Problem statement:
Given the matrix
$\mathsf{M} = \begin{bmatrix} 0 & 0 & 0 & 0 & 0 \\ 0 & 0 & 0 & 0 & 0 \\ a & b & c & b & a \\ 0 & 0 & 0 & 0 & 0 \\ 0 & 0 & 0 & 0 & 0 \end{bmatrix}$,
what are the conditions on $a$, $b$, and $c$ such that $\mathsf{M}$ is positive semidefinite?
Solution attempt:
The eigenvalues of $\mathsf{M}$ are given by
$\begin{bmatrix} 0 \\ 0 \\ 0 \\ 0 \\ c \end{bmatrix}$.
Does this mean that $c \geq 0$ for $\mathsf{M}$ to be positive semidefinite, independent of the values of $a$ and $b$?
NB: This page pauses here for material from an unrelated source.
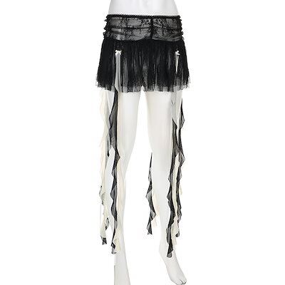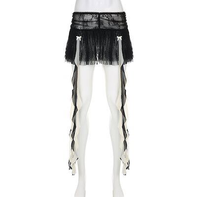 2024 夏秋 スカート かわいい ミニ丈 ハイウエスト 透け感 レトロデザイン 脚長効果 美脚効果 細見えボトムス 夏 黒 カジュアル おしゃれ 甘め フレンチ 韓国系ファッション2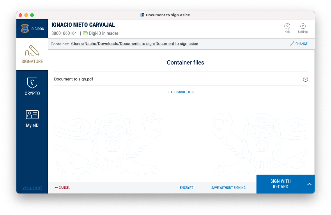 First, connect your e-Residency card to your computer and make sure you have installed the necessary drivers and plugins. If you haven’t already, download also DigiDoc from the official sources. When you are ready, open DigiDoc. Keep the document you want to sign handy.

$M$ is PSD if and only if the symmetric matrix $M + M^T$ has non-negative eigenvalues. In this case, we find that $M$ is PSD if and only if $c \geq 0$ and $a = b = 0$.
Note in particular that $M + M^T$ has the principal submatrices $$ \pmatrix{0&a\\a&2c}, \quad \pmatrix{0&b\\b&2c} $$ The first matrix is indefinite whenever $a \neq 0$, and the second is indefinite whenever $b \neq 0$.